Dahulu sebelum ada blok A, rasanya malas sekali untuk bertandang ke Tanabang mengantar ibu, namun sejak pusat perbelanjaan bergaya timur tengah itu mulai didirikan tak segan rasanya untuk pergi dan berbelanja disana. Setiap saat saya berbelanja, setiap saat itupula saya selalu melihat ada yang baru di Tanabang. Bangsa Indonesia, khususnya warga Jakarta harusnya sangat bangga memiliki pusat tekstil dan produk turunannya selengkap ini...
Tidak jarang mata saya melihat barang-barang bermerek Internasional bertengger diatas rak pajangan para penjual tas, mulai dari Louis Vuitton, Burberry, Coco Channel, Bonia, Anna Sui hingga Hermes yang dahulu kebanyakan hanya saya temukan dan lihat dibutik-butik mereka yang berjajar rapi di Avenue des Champs-Élysées, Paris. masalah kualitas, walaupun lebih banyak yang merupakan barang knock off (replika), namun banyak juga barang dengan kualitas istimewa yang tidak kalah dengan barang butik asli. Menurut saya, apalah arti sebuah tempat membeli, asal si empu pede aja, barang tanah abang bisa tampak seperti barang Champs-Élysées asal cocok, pede dan tidak berlebihan dalam pemakaian! Bahkan tak jarang, orang-orang berlogat Malay dan Singlish (Singaporean English) bercakap menawar barang disalah satu sudut pasar Tanabang. Mungkin mereka akan menjual kembali barang Tanabang dinegara mereka, dan dibeli oleh orang-orang kita yang sedang berwisata ke negri tetangga.
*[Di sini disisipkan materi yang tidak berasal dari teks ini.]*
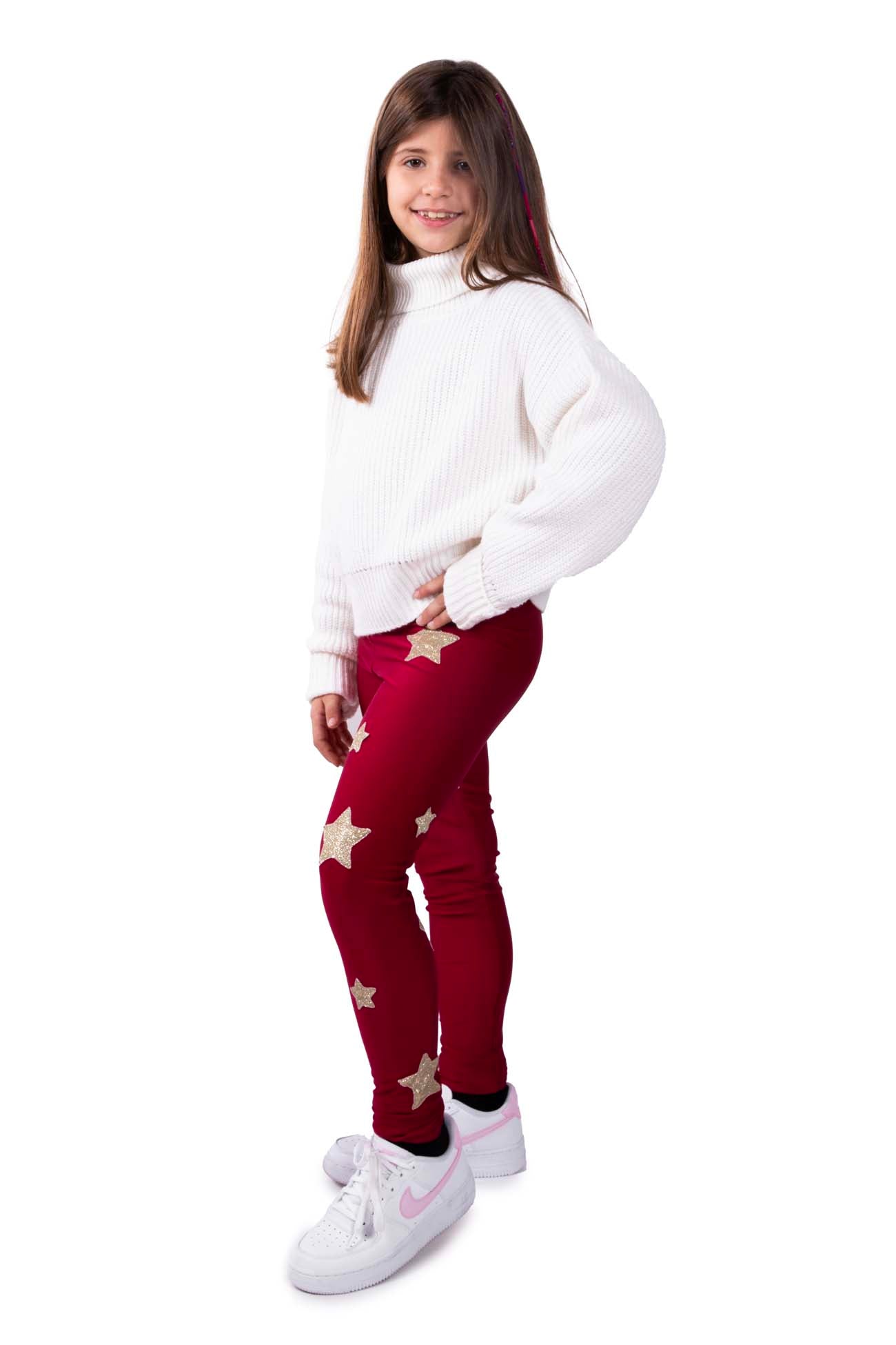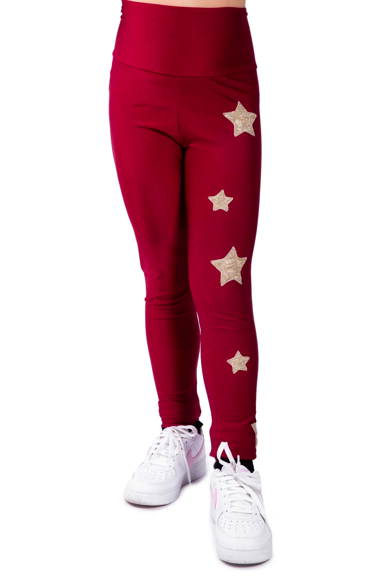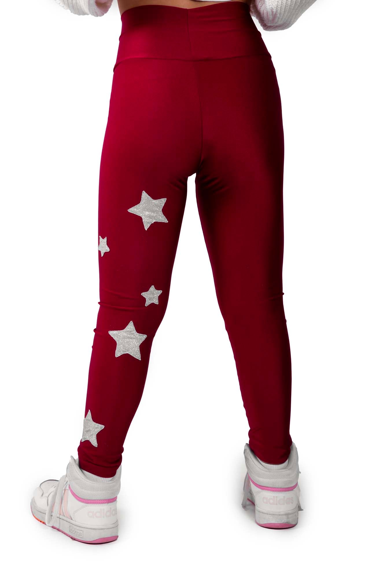 Leggings Bambina in lycra rosso scuro con stelle applicate rosse e argento, da abbinare con la versione donna.

Pasar tekstil terbesar se ASEAN yang konon berdiri sejak tahun 1735 ini juga menyediakan berbagai macam parfum yang tidak kalah komplit dengan Sephora, sebuah jaringan butik parfum yang biasa terletak di kota-kota utama dunia. Masalah harga cincai lah... sebuah hobbos handbag gucci seharga 150.000 terbeli setelah tawar menawar yang alot, akhirnya dipakai istri karena modelnya yang catchy, 2 buah purse Anna Sui edisi vintage floral berhasil didapat setelah merelakan uang 150.000, sebuah untuk kado adik ipar, sebuah direlakan untuk hadiah ulang tahun kakak, postman bag coklat berlabel Mont Blanc dengan sertifikat produk asli Prancis dilego dengan harga 350.000, dan sekarang telah terbungkus rapi bersiap untuk menjadi hadiah ulang tahun bapak.
Permasalahannya disini bukan masalah mencintai merek dalam negeri atau tidak, walaupun segala sesuatu yang saya sebutkan diatas merupakan top brands dibidang apparel fashion, sebagian besar produk adalah bikinan tangan-tangan terampil manusia Indonesia yang gagal memenuhi kualifikasi ekspor. Saat berkesempatan berjalan-jalan di Paris dulu, sering saya melihat orang-orang bertampang Indonesia yang keluar dari butik Louis Vuitton dengan menenteng kardus-kardus dan tas berlogo LV, saat itu dalam pikiran saya, alangkah kaya nya orang tersebut, disaat rekan saya seorang dokter Russia yang telah lama tinggal di Normandy pun hanya mampu berujar cukup sekali saat natal, kami mampu membeli tas Louis Vuitton. Namun saat saya mengetahui betapa kaya nya kreatifitas dan produksi Indonesia, alangkah bodohnya orang-orang yang hanya mengejar gengsi menghamburkan devisa hanya untuk sekedar berbelanja di suatu Sale di Singapura, Milan, atau Paris...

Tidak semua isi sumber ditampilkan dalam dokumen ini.